Ganjar menyampaikan sikap tersebut saat dimintai tanggapan pada Senin, 29 Juni 2026. Ia menilai kebebasan berserikat menjadi hak setiap warga negara sesuai ketentuan konstitusi. Ganjar mengatakan, “Kami menghormati hak setiap warga negara dalam berserikat dan berkumpul. Masing-masing punya cita-cita.”
Ganjar menegaskan PDI Perjuangan memilih fokus mengurus agenda partai sendiri menghadapi dinamika politik nasional. Ia menolak memberikan komentar lebih jauh mengenai strategi politik PSI menjelang Pemilu 2029. Ganjar menambahkan, “Kami tidak mencampuri urusan rumah tangga orang lain.”
Respons serupa disampaikan politikus PDIP Guntur Romli terkait safari politik Jokowi mendukung PSI. Guntur menilai langkah tersebut tidak mengancam posisi PDI Perjuangan pada Pemilu mendatang.
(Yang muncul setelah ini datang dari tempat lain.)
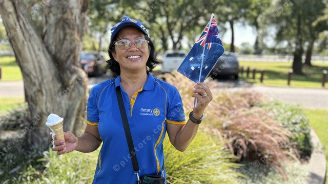 New Australian citizen Rosefel Peel proudly waves the flag (Jess Leis: 530789_05)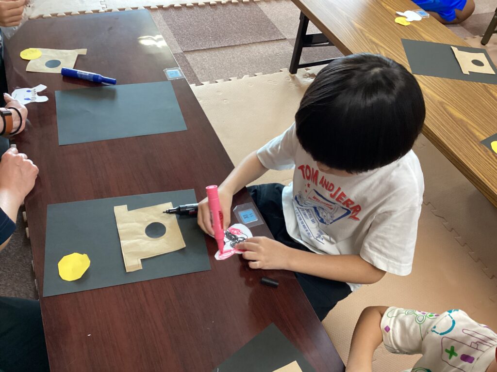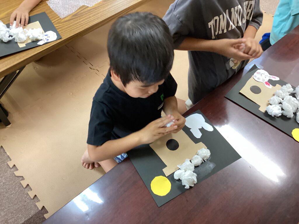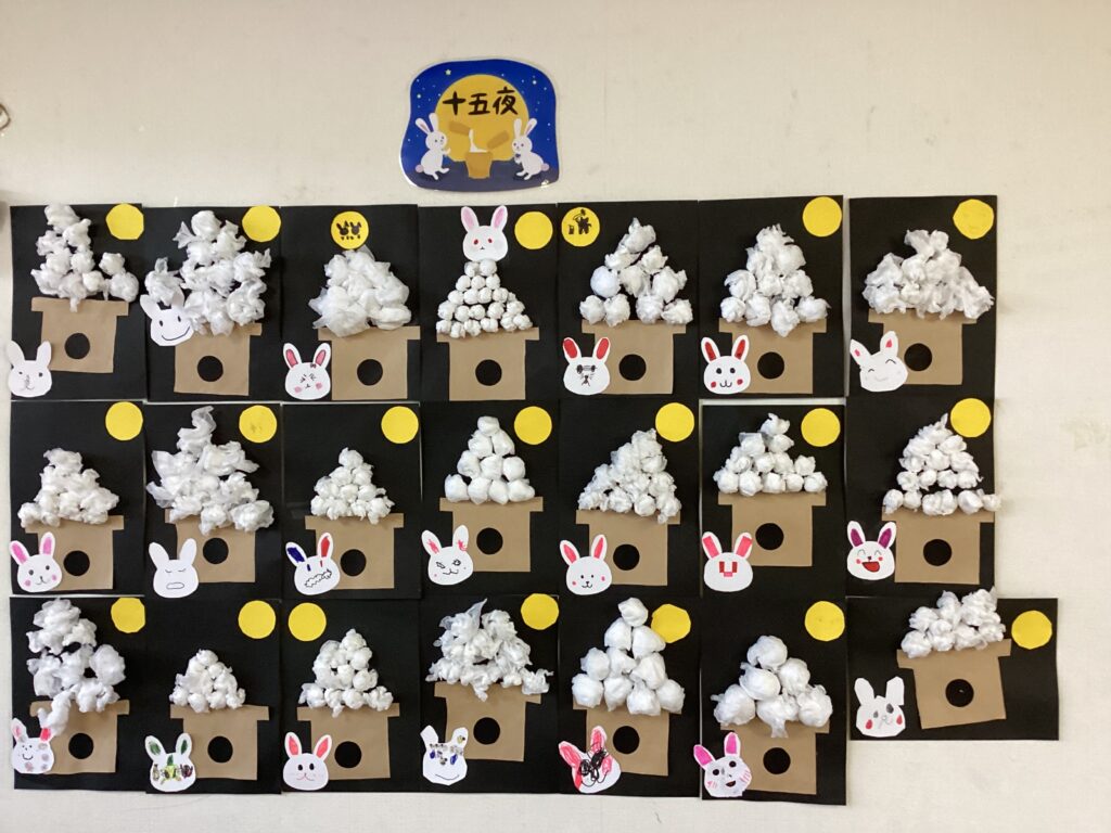 また、季節の制作では「秋といえば十五夜・お月見」ということもあり、画用紙とお花紙を使って月見団子を表現しました。子どもたち一人ひとりの個性が表れた素敵な作品に仕上がりました。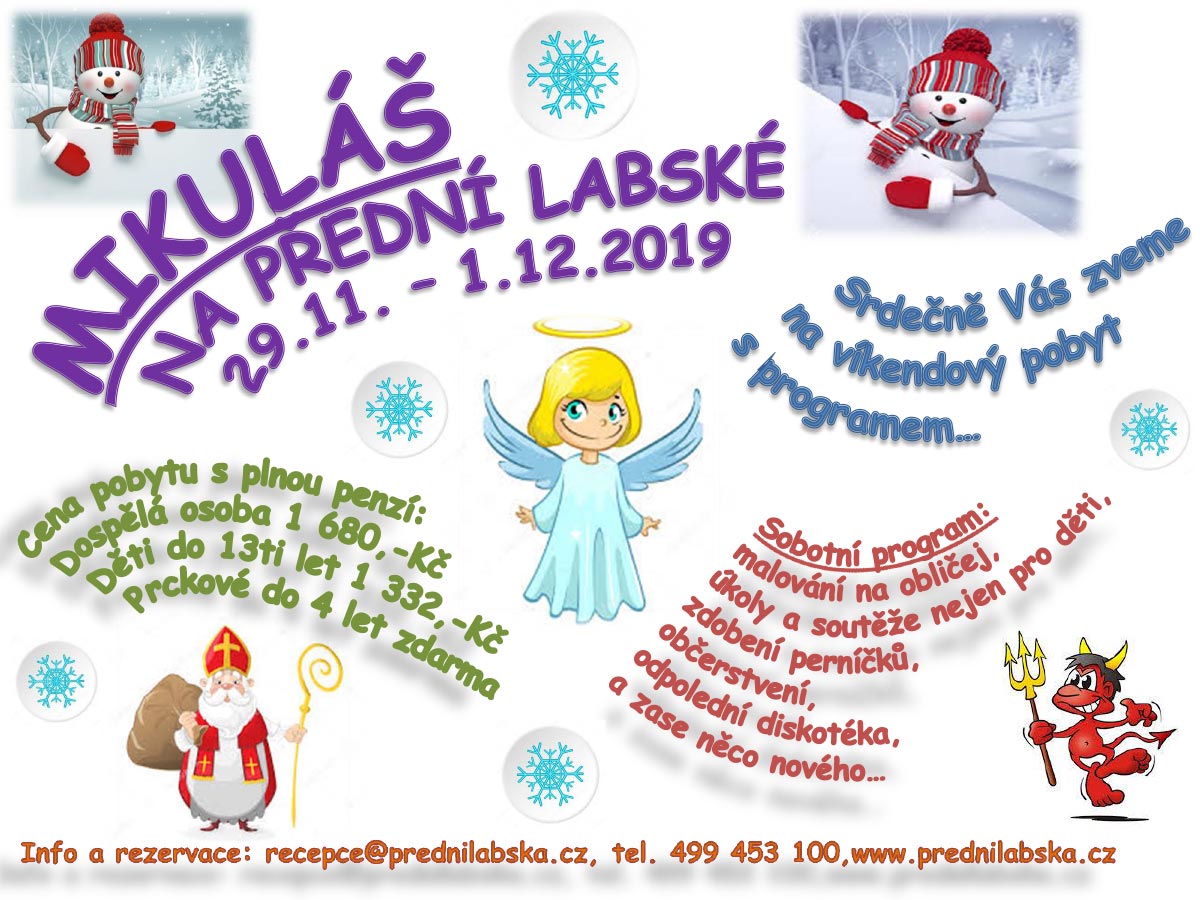 ani letos jsme nezapomněli na naše nejmenší, malé a větší ratolesti a chystáme MIKULÁŠSKÝ VÍKEND na Přední Labské.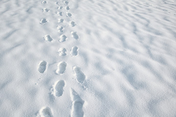 Footprints in the snow at sunny day.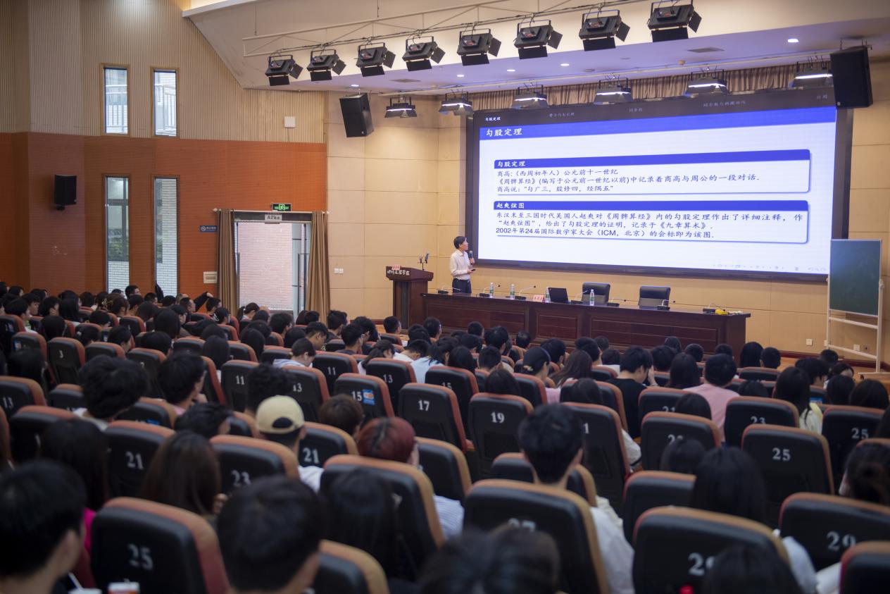 秦厚荣教授从勾股定理的基本定义出发,探讨了这一数学原理的历史渊源、数学证明、以及在不同文化和时代中的表现形式。之后通过介绍费尔马大定理以及具有千年以上历史的同余数问题,介绍了勾股定理对数论这门迷人学科的重大影响。他指出,解决同余数问题实际上是要证明千禧年七大数学问题之一的BSD猜想(Birth and Swinnerton-Dyer Conjecture)。讲座结束后,在座师生与秦厚荣教授就相关数学问题进行了深入地探讨和交流。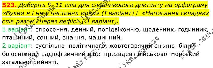 Доберіть 9–11 слів для словникового диктанту на орфограму «Букви н і нн у частинах мови» (I варіант) і «Написання складних слів разом і через дефіс» (II варіант). 1 варіант: спросоння, денний, попідвіконню, щоденник, годинник, пташиний, сонний, знання, машинний. 2 варіант: суспільно–політичного, жовтогарячий сніжно–білий білосніжний радіофізичний віце–президент військово–морський загальноприйняті.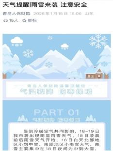 风雨寒冬,初心如炬。人保财险青岛分公司在寒冬里筑起一道有温度的服务防线,让保险保障不仅是一纸合同,更成为可依赖的力量。截至1月19日累计接到报案3000余件,人保财险青岛分公司将持续关注天气及路况变化,以更专业的服务能力、更高效的响应速度和更有温度的服务体验,坚持“人民保险 服务人民”的初心和使命,切实履行金融央企的责任担当,充分发挥保险经济“减震器”和社会“稳定器”功能,全力守护人民群众财产安全。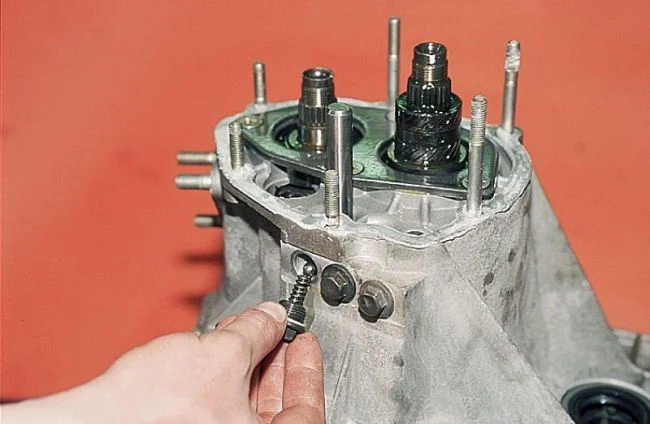 Вот которая заглушка на первую передачу сейчас на память не помню. Если теоретически не вычислите, тогда можно методом тыка. Будете откручивать заглушки не растеряйте пружинки и шарики.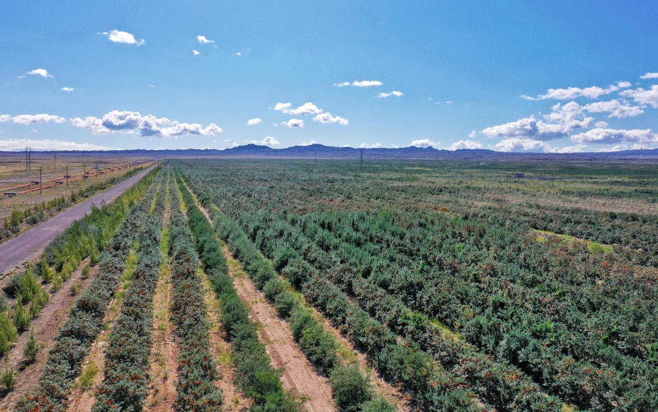 經(jīng)過十余年深耕,匯源在阿勒泰地區(qū)布爾津縣所種植的沙棘林規(guī)模已近10萬(wàn)畝,大片的戈壁荒灘搖身一變成了一眼望不到邊際的綠洲,將沙塵暴對(duì)沿途地區(qū)生態(tài)環(huán)境造成的不利影響降至最低。

Ia juga menepis anggapan perpindahan dukungan politik akan menggerus suara PDIP.
Guntur menegaskan hubungan Jokowi dengan PDI Perjuangan telah berakhir setelah keputusan pemecatan partai. Menurutnya, kondisi tersebut membuat Jokowi tidak lagi memiliki pengaruh terhadap elektoral PDIP. Guntur mengatakan, “PDI Perjuangan sudah memecat Jokowi. Jokowi juga tidak membawa elektoral bagi PDI Perjuangan.”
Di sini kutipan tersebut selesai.